What is required — If a line below falls between the line with "Interactive examples can" and the line with "Of flattened rounded", or is one of those two, output it exactly; output nothing else and no pictures.

Collected data —
= = = = =
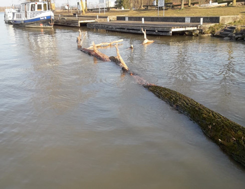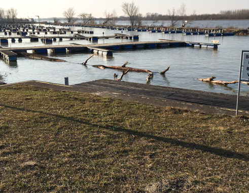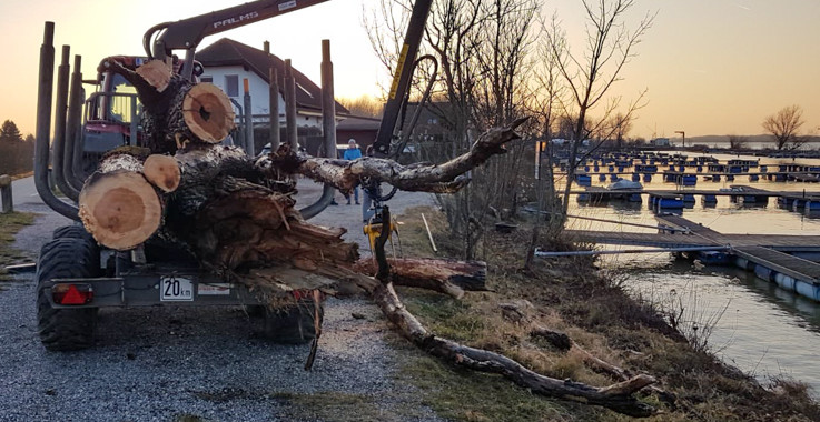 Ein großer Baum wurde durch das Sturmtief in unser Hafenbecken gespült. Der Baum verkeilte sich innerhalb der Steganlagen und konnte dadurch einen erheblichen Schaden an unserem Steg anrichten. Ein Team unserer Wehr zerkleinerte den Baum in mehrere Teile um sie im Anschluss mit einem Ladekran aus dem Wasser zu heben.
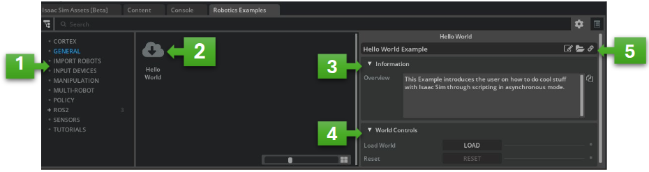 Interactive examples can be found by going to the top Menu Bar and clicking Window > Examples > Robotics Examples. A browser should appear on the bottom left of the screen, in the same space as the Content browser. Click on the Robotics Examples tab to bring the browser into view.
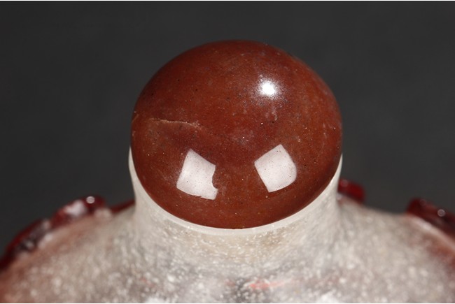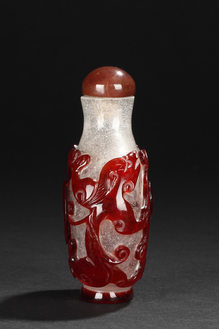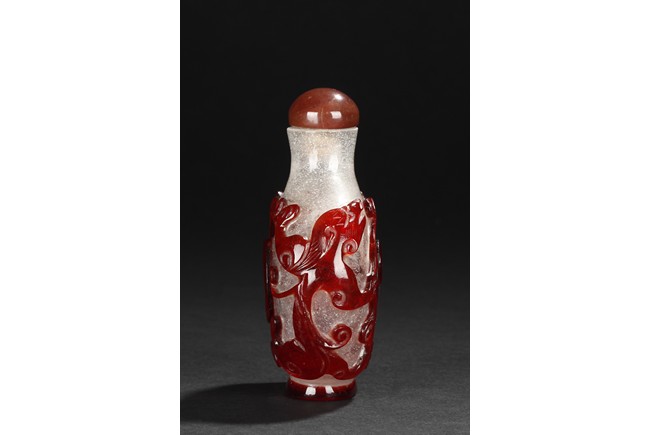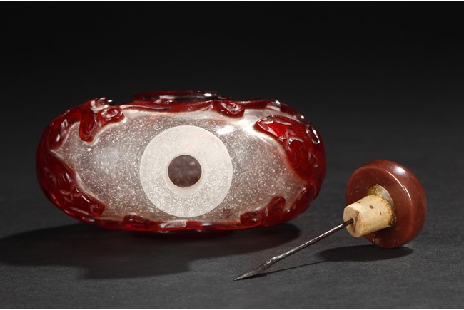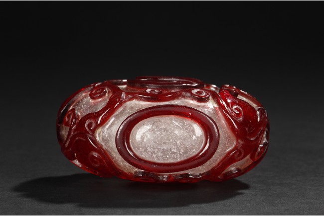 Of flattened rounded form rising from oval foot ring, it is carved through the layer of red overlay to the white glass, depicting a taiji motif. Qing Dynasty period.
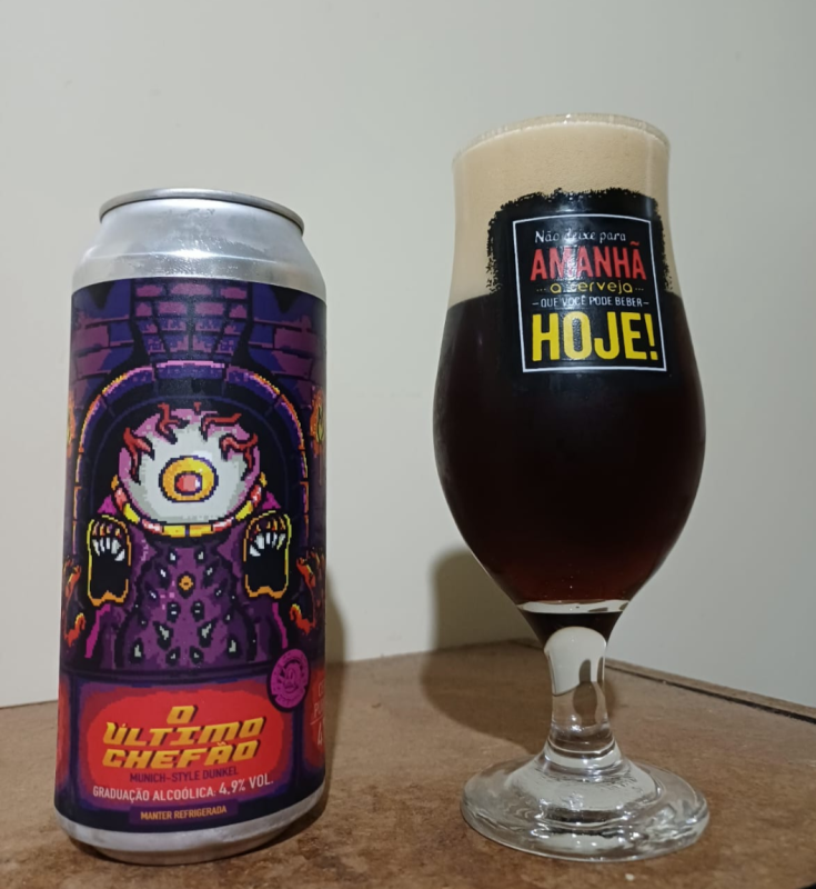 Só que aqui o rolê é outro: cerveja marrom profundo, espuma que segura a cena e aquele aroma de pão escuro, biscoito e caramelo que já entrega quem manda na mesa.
= = = = =
Answer to this exercise —
 Interactive examples can be found by going to the top Menu Bar and clicking Window > Examples > Robotics Examples. A browser should appear on the bottom left of the screen, in the same space as the Content browser. Click on the Robotics Examples tab to bring the browser into view.
 Of flattened rounded form rising from oval foot ring, it is carved through the layer of red overlay to the white glass, depicting a taiji motif. Qing Dynasty period.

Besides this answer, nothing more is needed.